SecOps can be important when you consider the alternative: a siloed approach to security. If you work in IT, you know security often slows things down. This is effectively a necessary evil. You can't risk critical data being compromised or infrastructure being brought down. However, you don't want to hamstring processes for trivial or irrelevant issues. SecOps encourages collaboration between IT operations units like sysadmin teams and IT security teams. With both teams working toward a common goal of delivering service that meets security and operational standards, outcomes are improved.
It's also worth noting that the term SecOps comes up in the Cisco Certification process. The CCNA Cyber Ops 210-255 exam is the SECOPS exam. It certifies knowledge and skills related to being a Security Analyst in a Security Operations Center.
Looking for help studying for the Cisco CCNA Cyber Ops 210-255 SECOPS exam? Check out Keith Barker's training.
DevSecOps: Integrating SecOps and DevOps
With SecOps and DevOps understood, defining DevSecOps becomes easy. Simply put: DevSecOps is the integration of SecOps and DevOps. This means that the high-velocity, collaborative, and holistic philosophy that made DevOps popular is extended to include security.
As opposed to security simply scanning and flagging vulnerabilities after code is delivered, they are part of the process. Development, IT operations, and security are cross-functional and work toward a common goal.
If you think about it, this is really a natural evolution of the DevOps philosophy that focuses on collaboration. Integrating all stakeholders into the development pipeline makes the final product better.

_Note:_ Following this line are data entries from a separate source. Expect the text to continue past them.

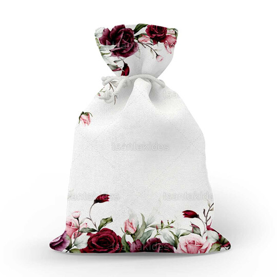 Υφασμάτινο πουγκί εκτυπωμένο με floral σχεδιασμό σε burgundy και μωβ χρωματισμούς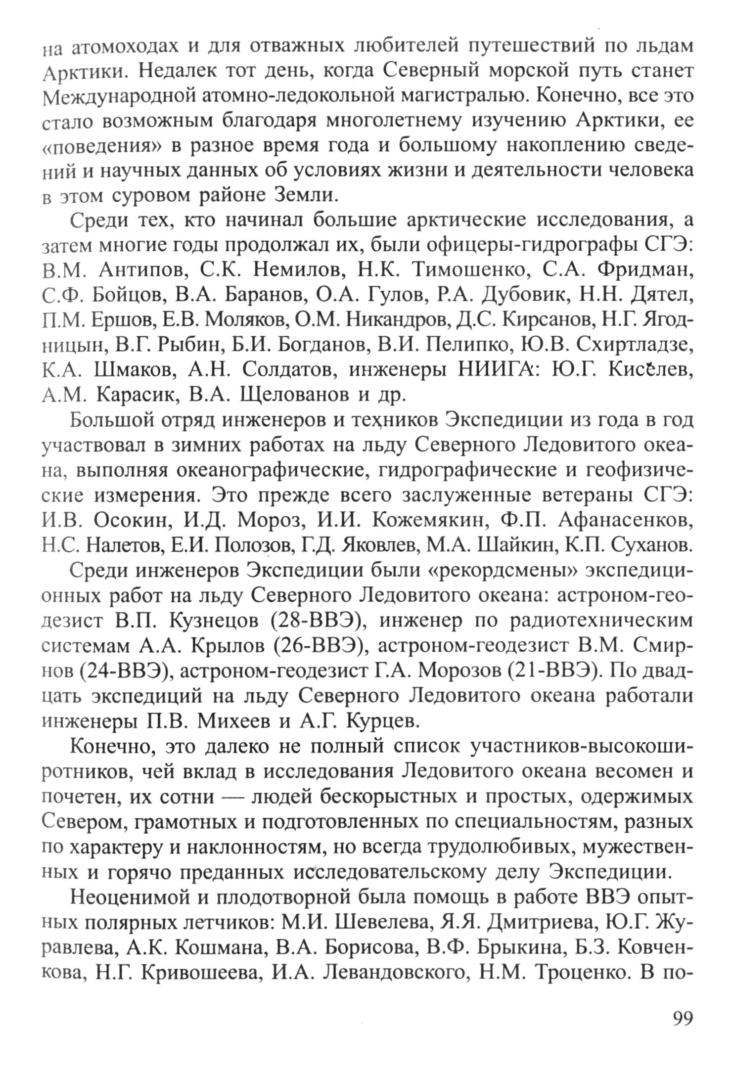 Среди тех, кто начинал большие арктические исследования, а затем многие годы продолжал их, были офицеры-гидрографы СГЭ: B. М. Антипов, С. К. Немилов, Н. К. Тимошенко, С. А. Фридман, C. Ф. Бойцов, В. А. Баранов, О. А. Гулов, Р. А. Дубовик, Н. Н. Дятел, П. М. Ершов, Е. В. Моляков, О. М. Никандров, Д. С. Кирсанов, Н. Г. Ягодницын, В. Г. Рыбин, Б. И. Богданов, В. И. Пелипко, Ю. В. Схиртладзе, К. А. Шмаков, А. Н. Солдатов, инженеры НИИГА: Ю. Г. Киселев, А. М. Карасик, В. А. Щелованов и др.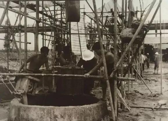 统建楼(位于深南中路)基础开挖工地。这是深圳早期最长距离大楼基础工程中挖孔桩施工现场,施工者是基建工程兵战士。(摄影:杨洪祥)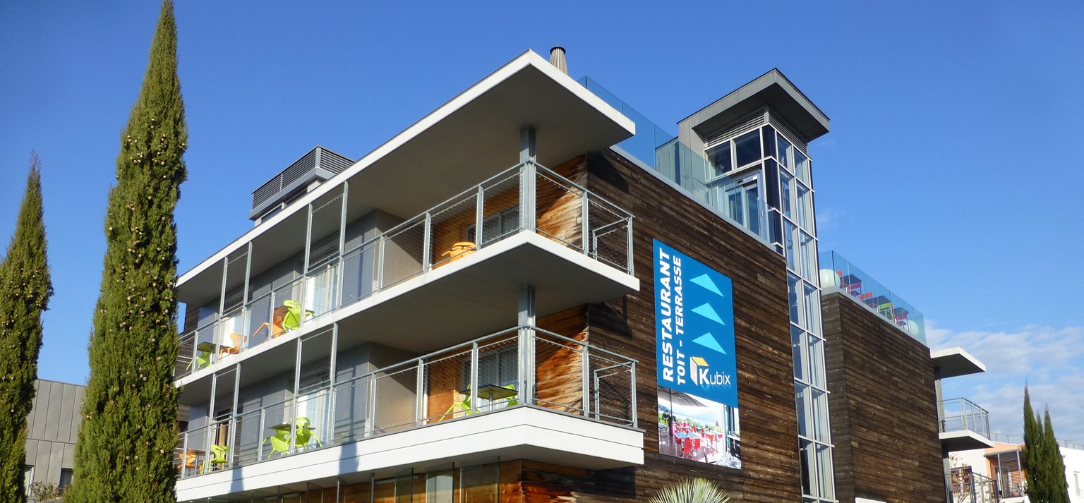 L’hôtel Aquakub est un hôtel 3 étoiles au design contemporain, situé au bord du lac du Bourget à Aix-les-Bains, offrant 50 chambres spacieuses et un restaurant panoramique avec vue imprenable sur le lac et les montagnes.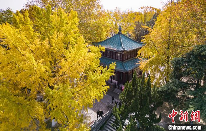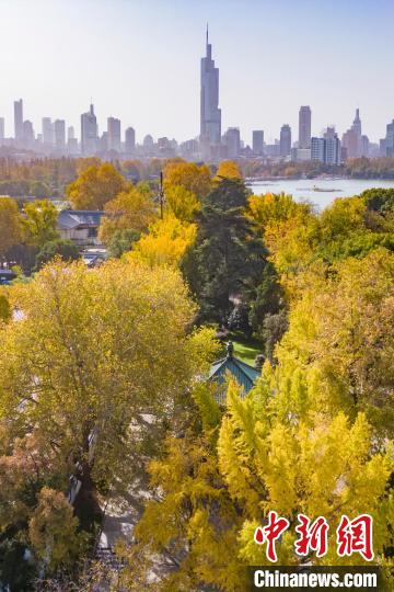 11月27日,江蘇南京,航拍玄武湖梁洲銀杏大道。近日,這里的銀杏樹葉“披”上金裝,迎來最佳觀賞期。(無人機(jī)照片)中新社記者 泱波 攝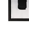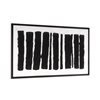 This abstract canvas, with its bold vertical black strokes set against a white backdrop and encased in a black polycomposite frame, offers a minimalist yet profound visual contrast. The rhythmic pattern of the strokes invites personal interpretation, adding to its allure. Measuring an impressive 40" x 63", it commands attention as a centrepiece, its elegant presence enriching any space it occupies, making it a captivating and thought-provoking element of any room.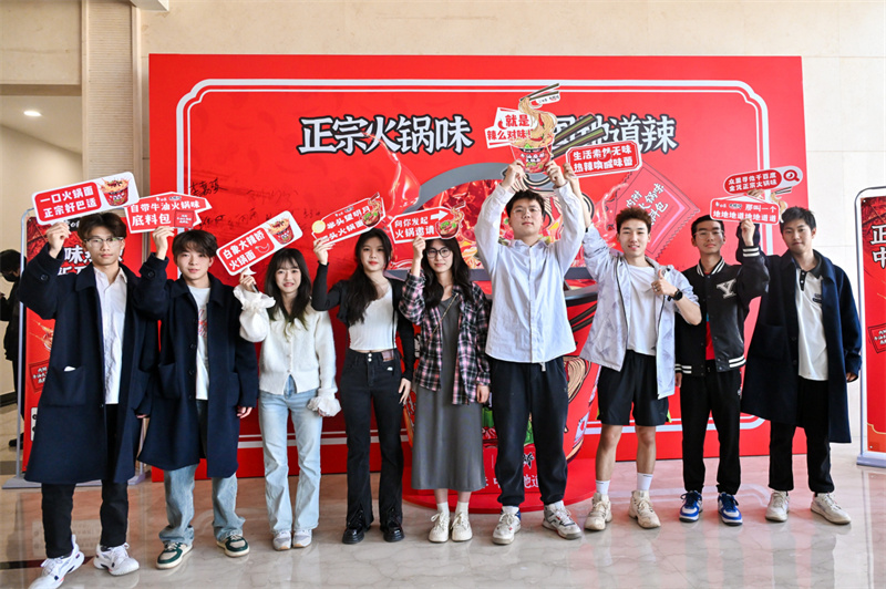 活动最后,白象大辣娇邀请在场所有学子品尝牛油麻辣火锅面,老火锅真牛油的底料包使这堂课充满了“火锅味”,创造了200人“举杯”吃面的现象级画面,白象大辣娇品牌也进一步达成了“深度种草”。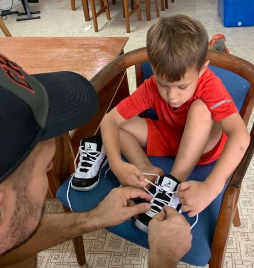 Before we left LA, we packed a crate of things to send to the Solomons. These things varied greatly, from a few special stuffed animals that couldn’t be parted with, to bottles and bottles of activated charcoal and fish oil capsules. Amidst these items were tennis shoes in the next size up for each kid.
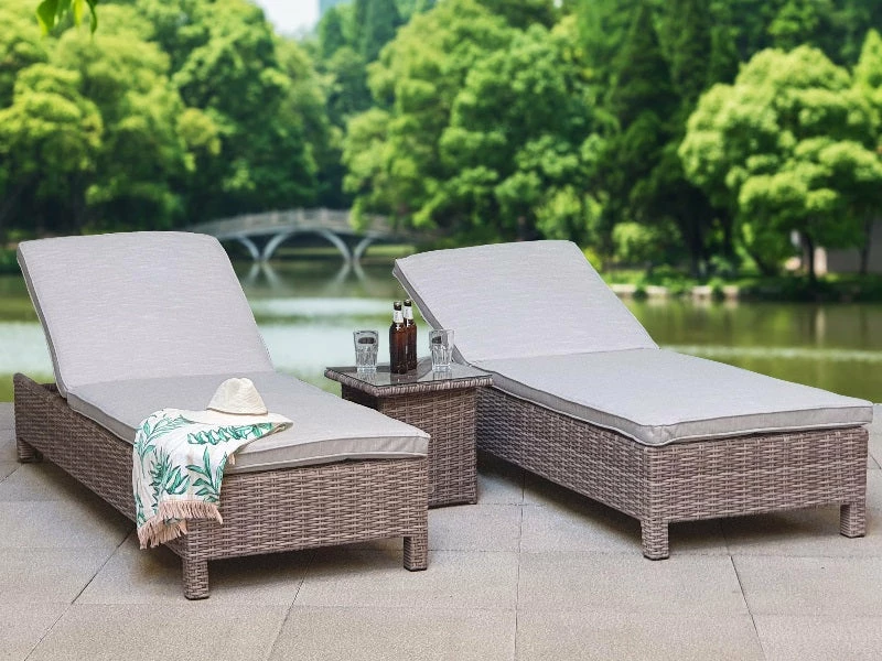 Model –Â Sarena Rattan Sunbed Set with Coffee Table –Â SARE0046 Nature /Â SARE0105 Caramel /Â SARE0106 Grey Victoria Weave /Â SARE0258 GreyÂ

In practice, this means including security in the process from the beginning. It also often means adopting security as code and automating things like vulnerability scans. For more on security as code, check out this Simple Programmer article by Justin Boyer.
DevOps, SecOps, and DevSecOps are terms used to describe different things depending on who you ask. Some will argue that the term DevOps is enough. Others will call out the importance of SecOps and DevSecOps. As an IT pro looking to sort through the differences, there are a few quick rules of thumb you can rely on. The most obvious are baked-in to the names:
DevOps. Development (Dev) and operations (Ops) teams working collaboratively.
SecOps. IT security (Sec) and operations (Ops) teams working collaboratively.
DevSecOps. Development (Dev), security (Sec), and operations (Ops) teams working collaboratively.
The more important takeaway is the collaborative and agile nature of these different Ops terms. They all focus on breaking down silos and working with agility. Feedback loops are shortened, responsibility is shared, and processes are automated. The collaborative and agile ideals are the important takeaways. Knowing the labels simply helps you explain them better.